Input records →
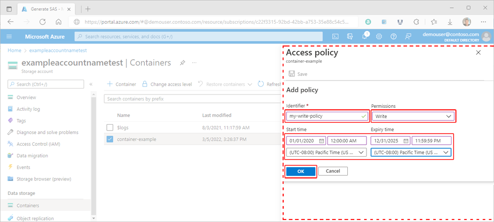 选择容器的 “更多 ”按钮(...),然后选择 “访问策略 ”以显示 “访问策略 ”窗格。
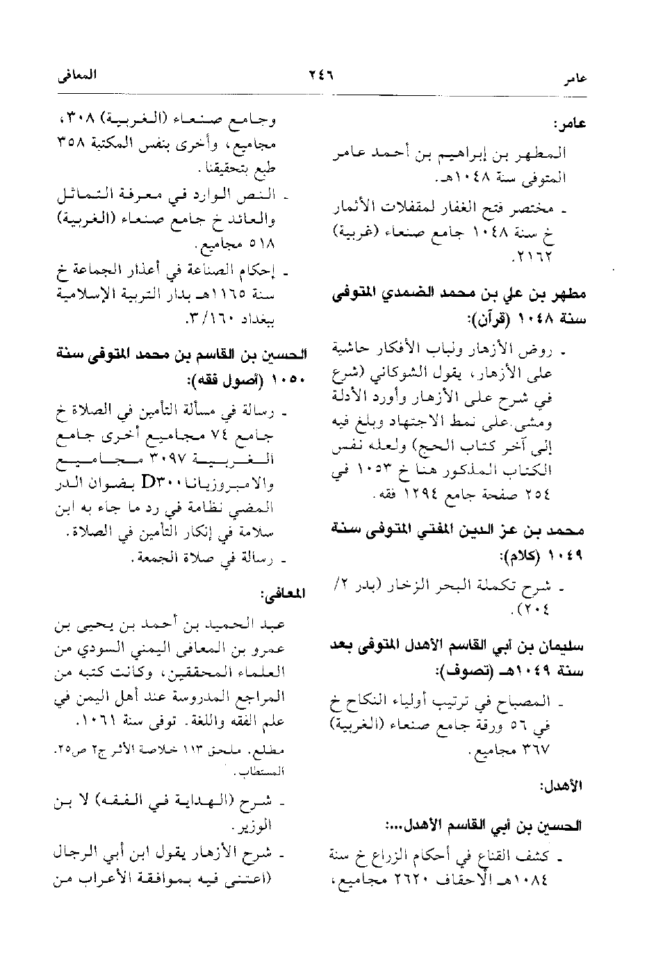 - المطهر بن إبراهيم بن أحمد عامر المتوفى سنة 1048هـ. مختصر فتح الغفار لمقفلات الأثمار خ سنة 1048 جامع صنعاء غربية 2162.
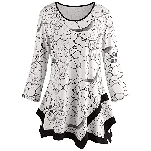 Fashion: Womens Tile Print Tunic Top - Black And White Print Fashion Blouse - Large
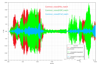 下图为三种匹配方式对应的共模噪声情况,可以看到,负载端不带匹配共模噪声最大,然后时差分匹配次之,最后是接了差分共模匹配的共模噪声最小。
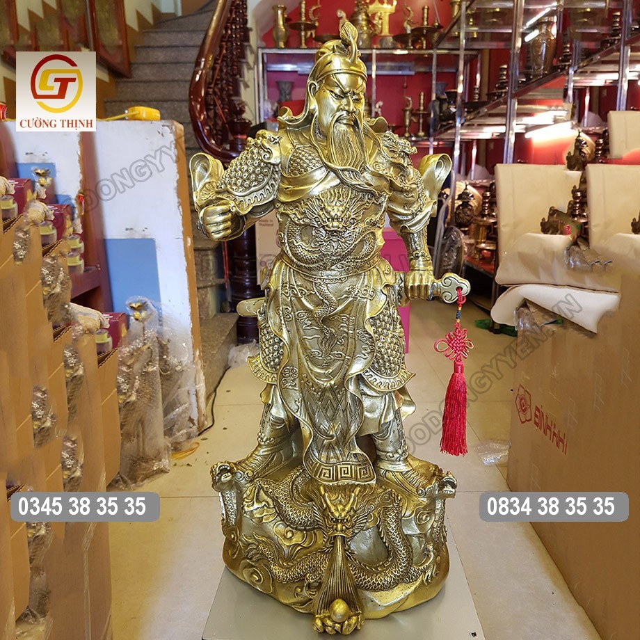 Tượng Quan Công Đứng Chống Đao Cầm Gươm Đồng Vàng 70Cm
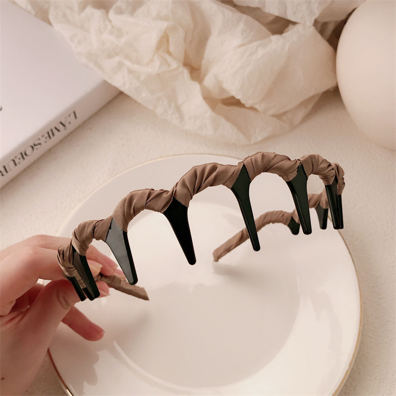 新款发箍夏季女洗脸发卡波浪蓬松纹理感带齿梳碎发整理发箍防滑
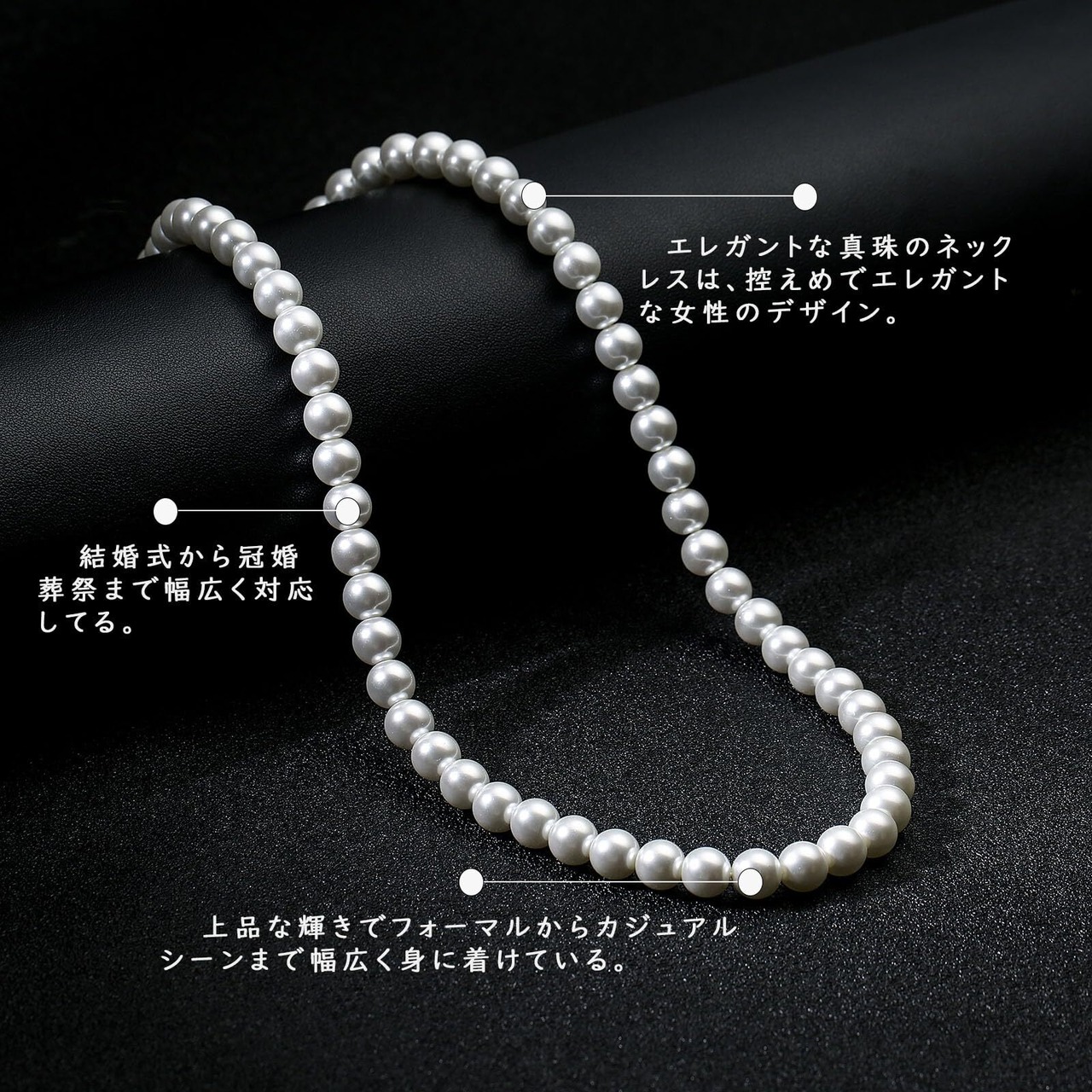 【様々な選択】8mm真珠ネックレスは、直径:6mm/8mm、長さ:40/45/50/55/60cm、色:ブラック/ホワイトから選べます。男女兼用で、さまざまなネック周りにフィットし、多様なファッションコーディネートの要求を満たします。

==

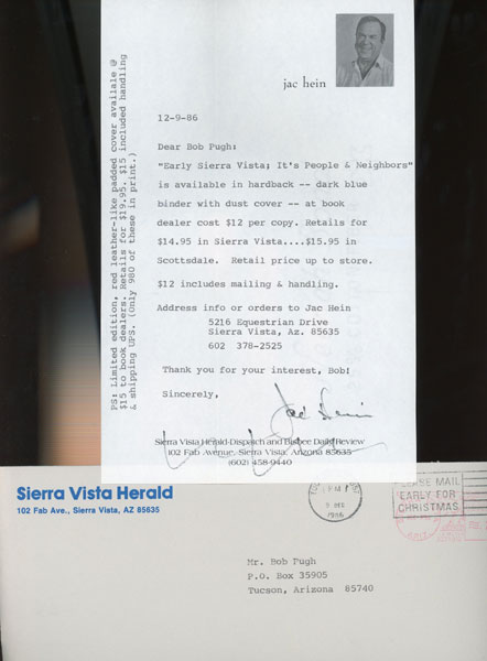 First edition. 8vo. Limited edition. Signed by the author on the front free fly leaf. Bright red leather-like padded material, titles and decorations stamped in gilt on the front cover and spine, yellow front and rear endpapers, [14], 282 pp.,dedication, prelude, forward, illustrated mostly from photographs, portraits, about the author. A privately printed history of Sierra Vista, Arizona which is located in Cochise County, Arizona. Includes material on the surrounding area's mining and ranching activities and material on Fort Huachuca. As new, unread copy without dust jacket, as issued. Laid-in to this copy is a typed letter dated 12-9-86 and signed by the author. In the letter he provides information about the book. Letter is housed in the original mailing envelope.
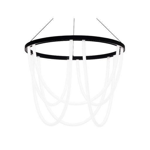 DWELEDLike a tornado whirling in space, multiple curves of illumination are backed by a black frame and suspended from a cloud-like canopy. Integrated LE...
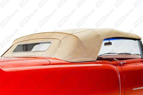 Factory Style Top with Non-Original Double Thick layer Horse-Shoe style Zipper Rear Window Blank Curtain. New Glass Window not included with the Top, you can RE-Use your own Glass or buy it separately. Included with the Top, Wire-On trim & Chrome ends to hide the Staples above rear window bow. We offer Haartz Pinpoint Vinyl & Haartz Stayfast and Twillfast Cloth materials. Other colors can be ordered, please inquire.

Exercise goal →
Without the pictures, give again exactly the lines above starting at the line containing "First edition. 8vo." and ending at the line containing "Factory Style Top".

Written response →
 First edition. 8vo. Limited edition. Signed by the author on the front free fly leaf. Bright red leather-like padded material, titles and decorations stamped in gilt on the front cover and spine, yellow front and rear endpapers, [14], 282 pp.,dedication, prelude, forward, illustrated mostly from photographs, portraits, about the author. A privately printed history of Sierra Vista, Arizona which is located in Cochise County, Arizona. Includes material on the surrounding area's mining and ranching activities and material on Fort Huachuca. As new, unread copy without dust jacket, as issued. Laid-in to this copy is a typed letter dated 12-9-86 and signed by the author. In the letter he provides information about the book. Letter is housed in the original mailing envelope.
 DWELEDLike a tornado whirling in space, multiple curves of illumination are backed by a black frame and suspended from a cloud-like canopy. Integrated LE...
 Factory Style Top with Non-Original Double Thick layer Horse-Shoe style Zipper Rear Window Blank Curtain. New Glass Window not included with the Top, you can RE-Use your own Glass or buy it separately. Included with the Top, Wire-On trim & Chrome ends to hide the Staples above rear window bow. We offer Haartz Pinpoint Vinyl & Haartz Stayfast and Twillfast Cloth materials. Other colors can be ordered, please inquire.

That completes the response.